◆ Problem:
The entries below contain pictures. Write out only the lines from the line with "在圖片上,記者看到,血漿袋上" up to and including the line with "This sugar canister", exactly, without them.

◆ Dataset entries:
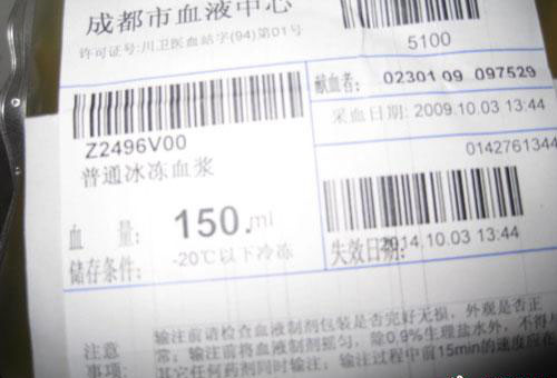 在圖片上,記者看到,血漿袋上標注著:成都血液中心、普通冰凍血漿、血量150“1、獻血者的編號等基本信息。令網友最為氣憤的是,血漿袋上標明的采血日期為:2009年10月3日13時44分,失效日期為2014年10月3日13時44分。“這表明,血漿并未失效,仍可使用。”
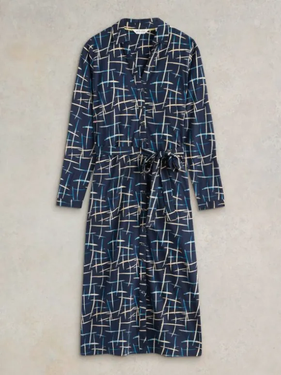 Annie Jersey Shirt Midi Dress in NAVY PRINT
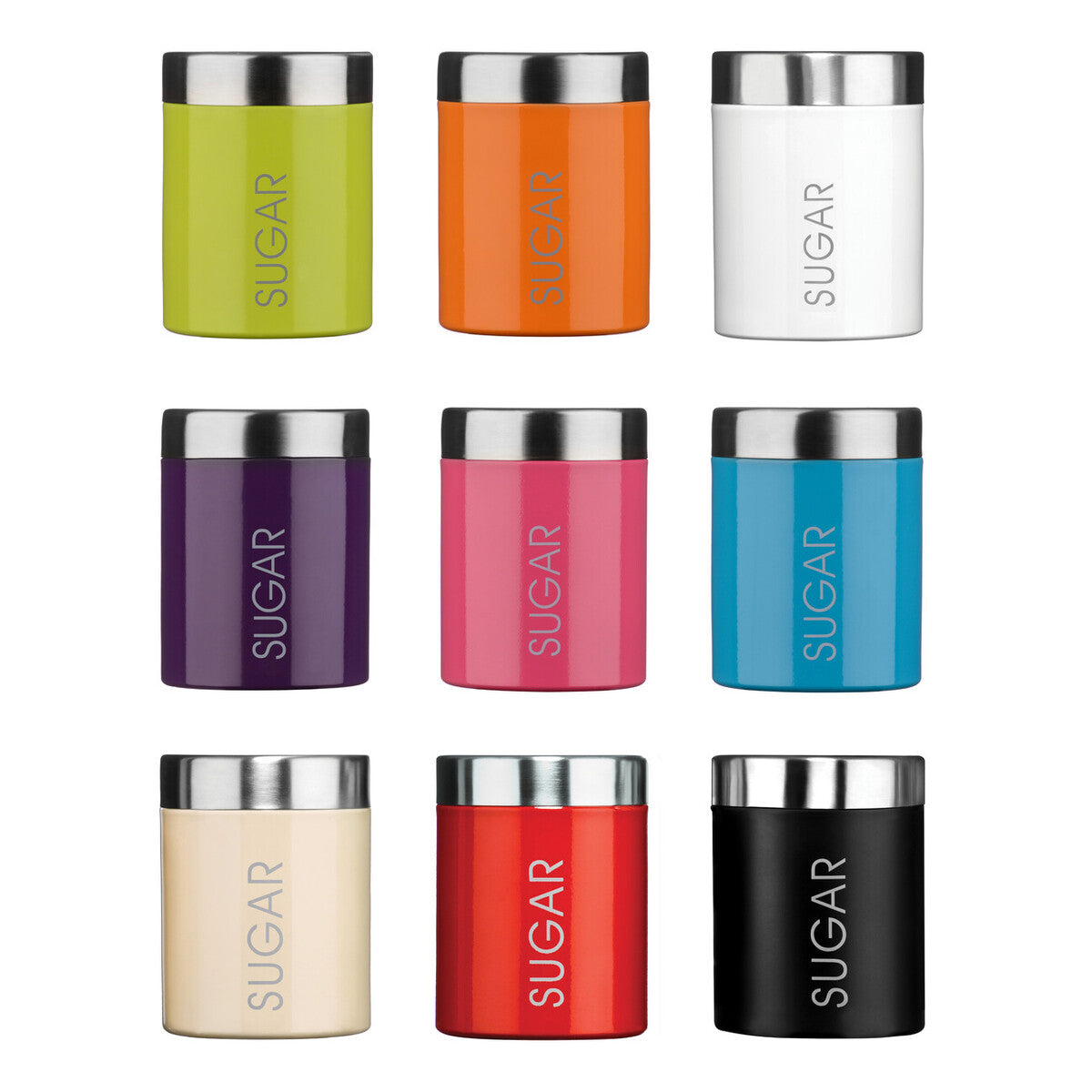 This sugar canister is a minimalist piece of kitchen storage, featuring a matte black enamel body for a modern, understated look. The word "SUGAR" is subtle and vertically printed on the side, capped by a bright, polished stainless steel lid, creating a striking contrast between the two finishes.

--

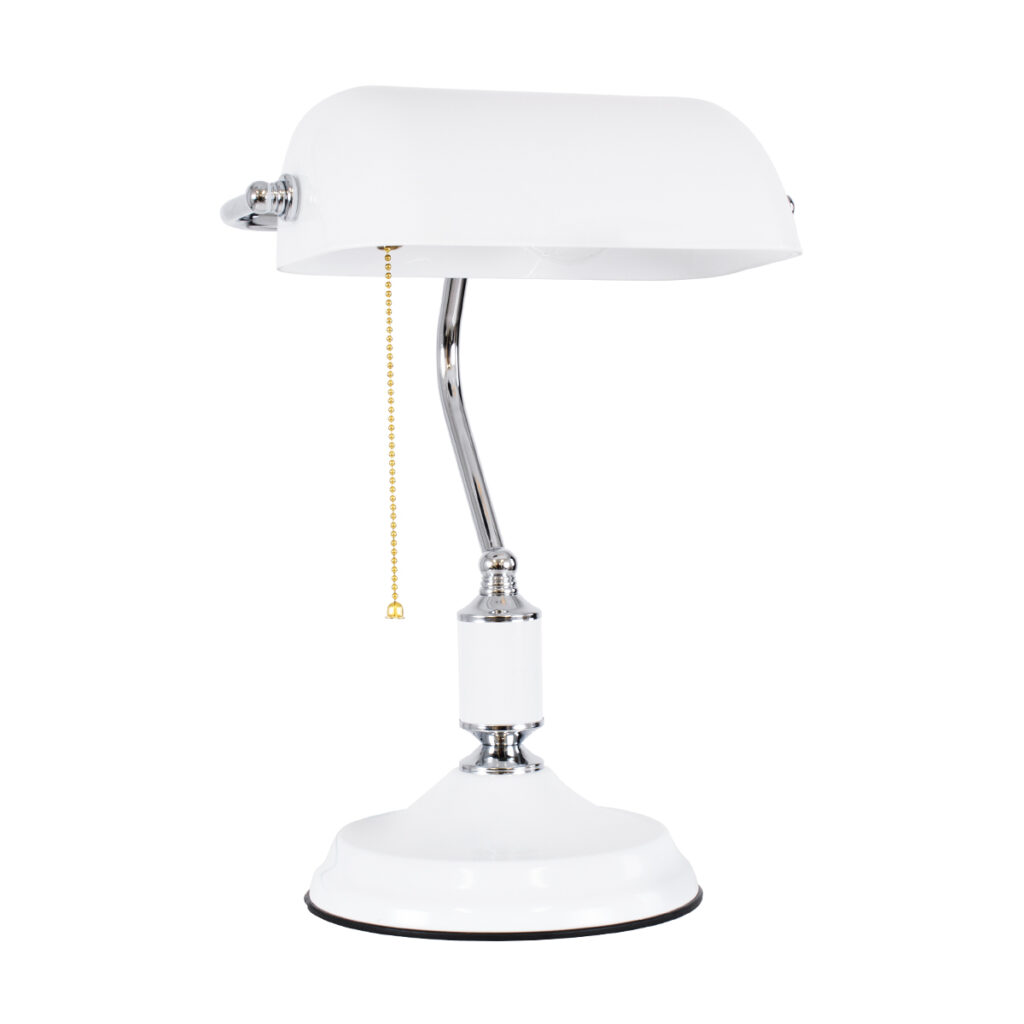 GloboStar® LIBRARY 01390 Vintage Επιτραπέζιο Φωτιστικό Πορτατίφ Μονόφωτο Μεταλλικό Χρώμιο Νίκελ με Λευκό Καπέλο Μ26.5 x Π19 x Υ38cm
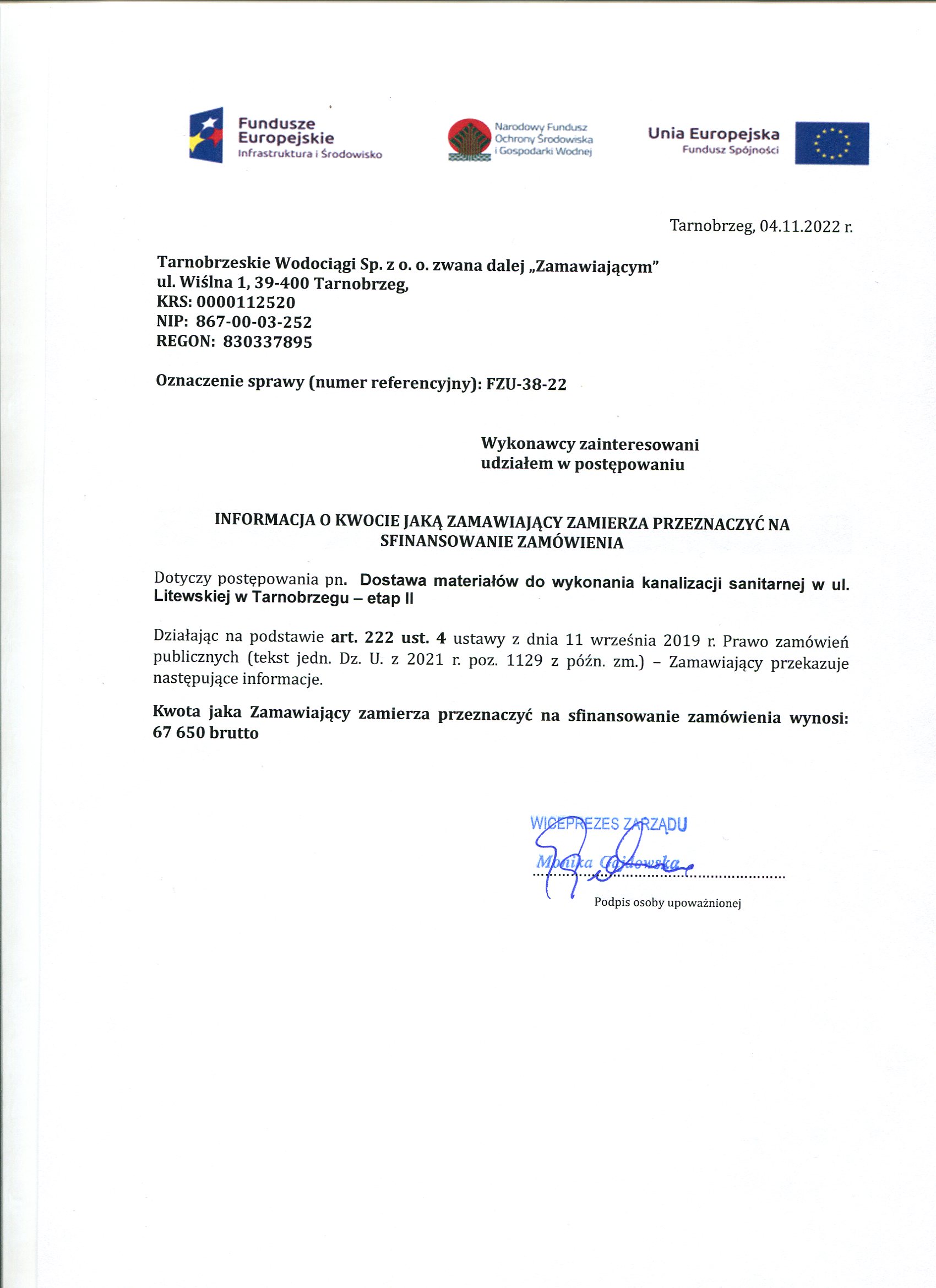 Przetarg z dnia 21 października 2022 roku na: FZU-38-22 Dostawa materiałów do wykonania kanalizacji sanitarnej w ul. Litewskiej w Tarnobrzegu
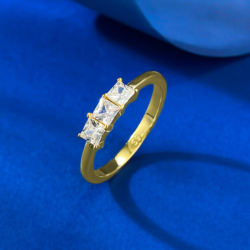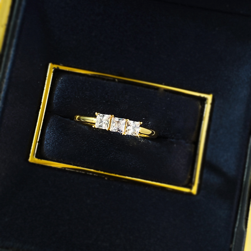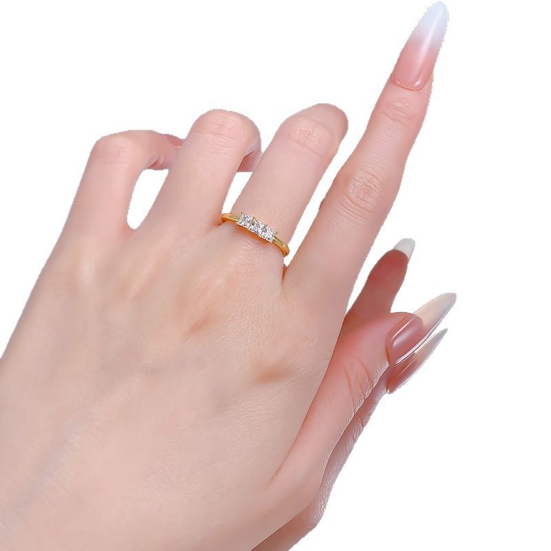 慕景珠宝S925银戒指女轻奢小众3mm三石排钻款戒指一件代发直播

◆ Exercise output:
 在圖片上,記者看到,血漿袋上標注著:成都血液中心、普通冰凍血漿、血量150“1、獻血者的編號等基本信息。令網友最為氣憤的是,血漿袋上標明的采血日期為:2009年10月3日13時44分,失效日期為2014年10月3日13時44分。“這表明,血漿并未失效,仍可使用。”
 Annie Jersey Shirt Midi Dress in NAVY PRINT
 This sugar canister is a minimalist piece of kitchen storage, featuring a matte black enamel body for a modern, understated look. The word "SUGAR" is subtle and vertically printed on the side, capped by a bright, polished stainless steel lid, creating a striking contrast between the two finishes.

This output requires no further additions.